Wir haben uns in dritter Generation bewusst dafür entschieden, die Wagnerei als Familienbetrieb fortzuführen. Unsere Rodelproduktion setzt daher auf Tradition sowie Erfahrung. Und natürlich ist uns Nachhaltigkeit ebenso wichtig wie das Festhalten an regionalen Wirtschaftskreisläufen: Das für die Rodelherstellung notwendige Eschenholz stammt nur aus heimischen Wäldern. Es wird zur richtigen Zeit gefällt und während mehrerer Monate luftgetrocknet. Ebenso umweltverträglich sind das als Feuchtigkeitsschutz eingesetzte Leinöl und die für die Polsterung verwendeten Jutegurten. Dies, aber mehr noch unsere gemeinsame Arbeit macht aus unserer Sicht unsere Rodel so besonders. Mit viel Stolz führen wir am Eingang des Bregenzerwaldes unser altes Handwerk fort.

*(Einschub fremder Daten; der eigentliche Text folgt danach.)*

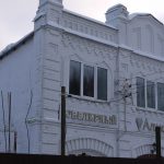 ограниченным двумя тонкими полочками. Лучковые перемычки окон выявлены кладкой. Верхний этаж с остатками килевидных обрамлений первоначальных окон завершен карнизом с зубчиками и городчатыми поясами. Крупный фигурный аттик по оси фасада повышен в центральной части, которая украшена филенками, парапеты по его сторонам обработаны узкими нишками и ограничены над углами здания высокими тумбами.
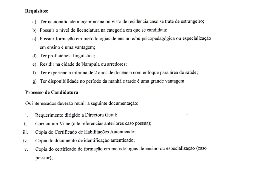 | Ordem | Descrição da Vaga | Requisitos | Candidatura |
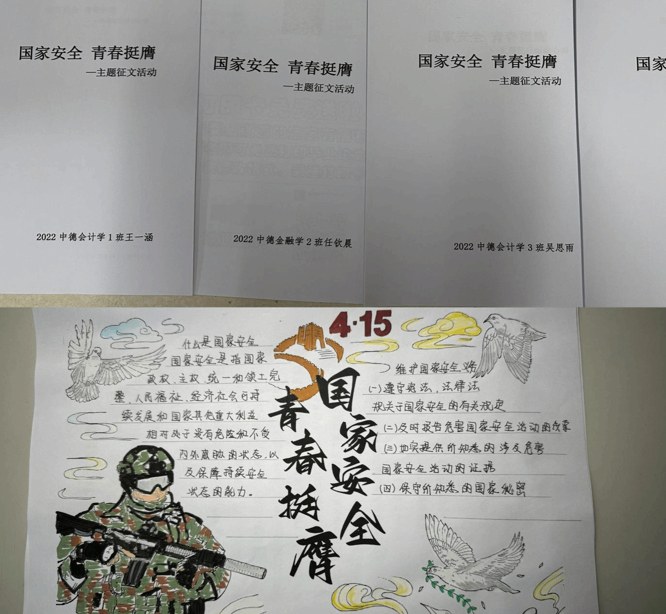 國(guó)家安全是民族復(fù)興的根基,社會(huì)穩(wěn)定是國(guó)家強(qiáng)盛的前提。時(shí)逢總體國(guó)家安全觀提出十周年之際,為深入學(xué)習(xí)貫徹總體國(guó)家安全觀,增強(qiáng)廣大同學(xué)自覺維護(hù)國(guó)家安全的意識(shí),中德學(xué)院開展了“國(guó)家安全,青春挺膺”系列主題團(tuán)日活動(dòng)。
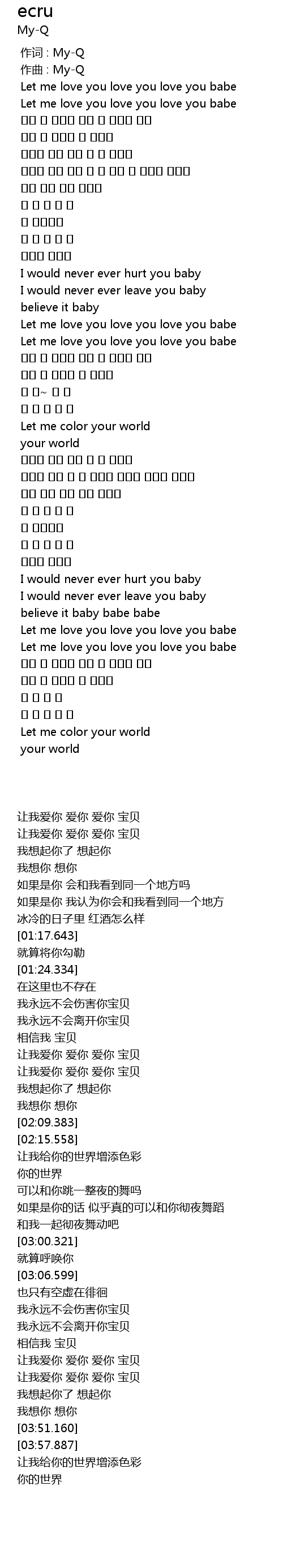 | [01:43.530] | 让我爱你 爱你 爱你 宝贝 |
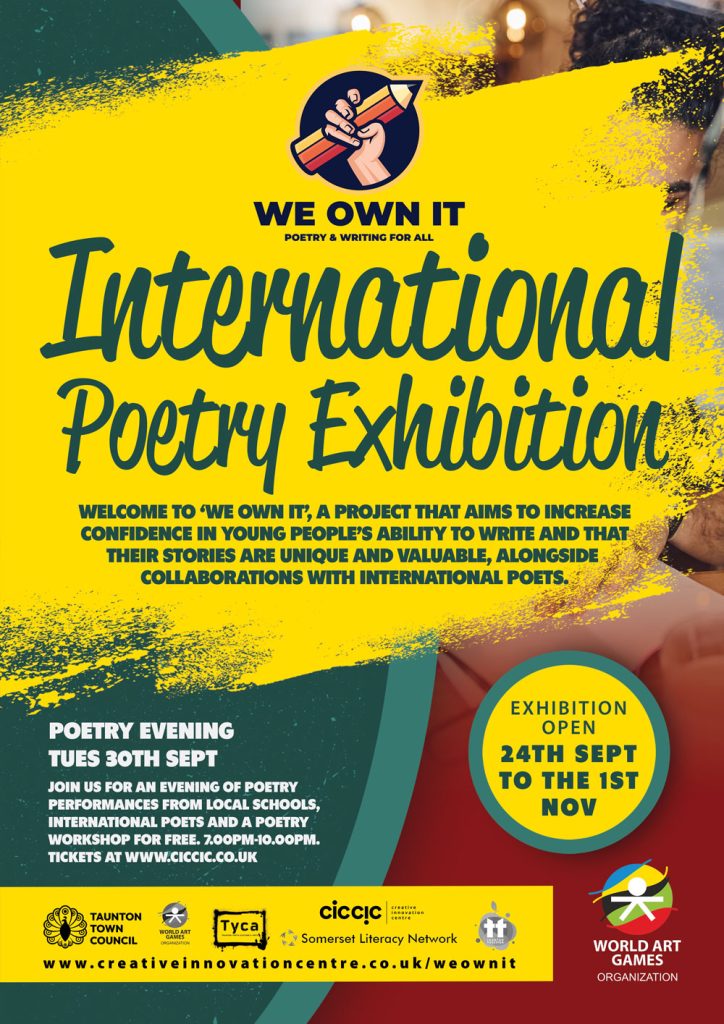 An international poetry exhibition featuring work from young people from all over the world. The project ‘We Own It’ was designed and developed by CICCIC, Matt Bryden and supported by Jackie Clementines from TYCA and the World Arts organisation, WAG. The initial idea was to bring young people together through the medium of poetry and celebrate their unique identity within their communities by creating a safe space using this accessible and creative process.
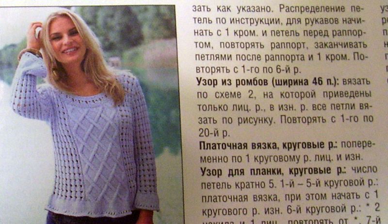 Пиля, лови свои ромбики, нашла наконец-то. выглядеть будут как на фотке, на центр. узоре свитера. Обрати внимание, узор вяжут по схеме, которая нарисована по идиотски - справа на лево..
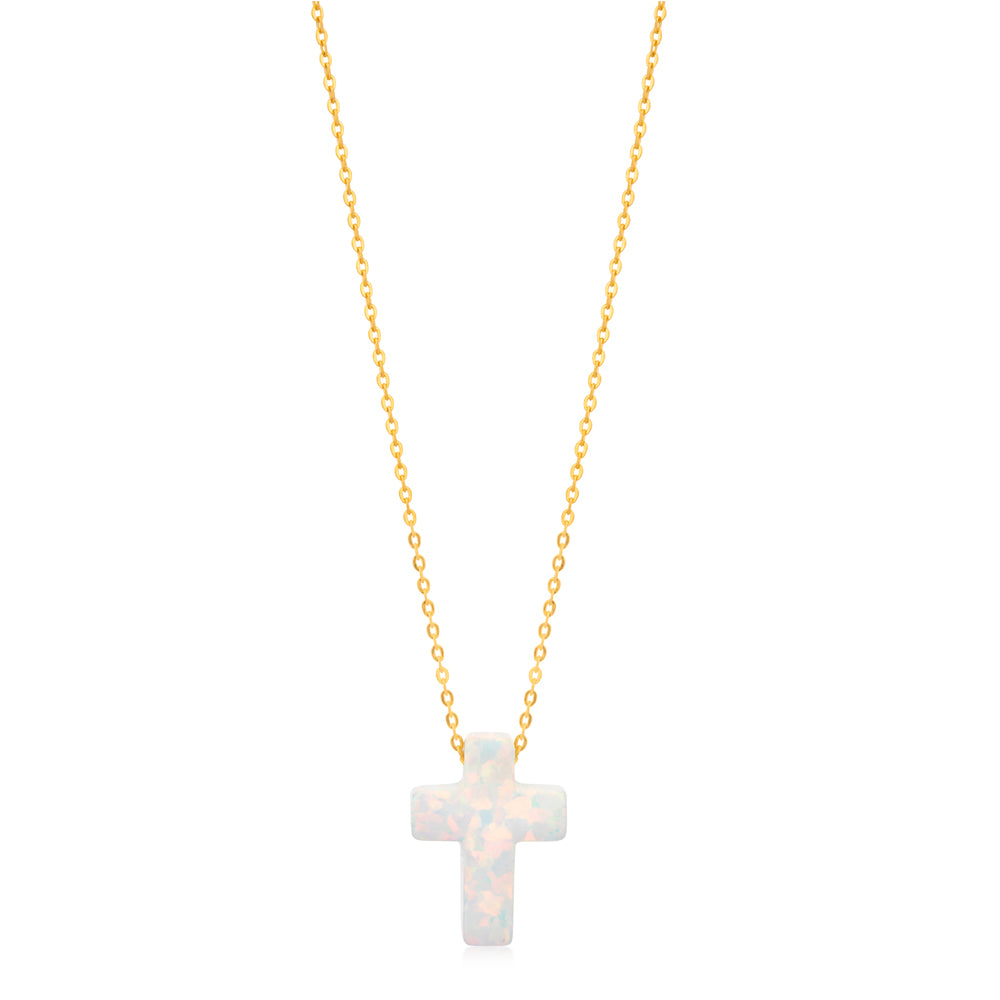 9ct Yellow Gold Synthetic Opal Cross Pendant
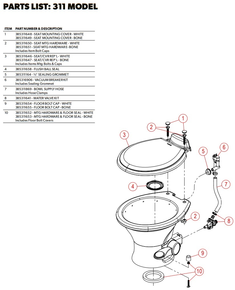 - Easy installation with standard RV toilet mounts

Zu Maria Empfängnis am 8. Dezember findet in Alberschwende am Dorfplatz der Christkindlmarkt statt. Unter der tausendjährigen Linde vor der Kirche gibt es gut zu essen und zu trinken, außerdem werden allerlei handwerkliche Erzeugnisse zum Kauf angeboten, darunter auch die Alberschwender Rodel. Kommen Sie doch einmal vorbei. Ich erzähle Ihnen gern weitere Geschichten zur Rodel und ihrem Bau. Sie können dabei das Sportgerät aus Holz gleich in die Hand nehmen und seine Besonderheit fühlen. Und im Fall des Falles ist der nächste verschneite Rodelhang nicht weit.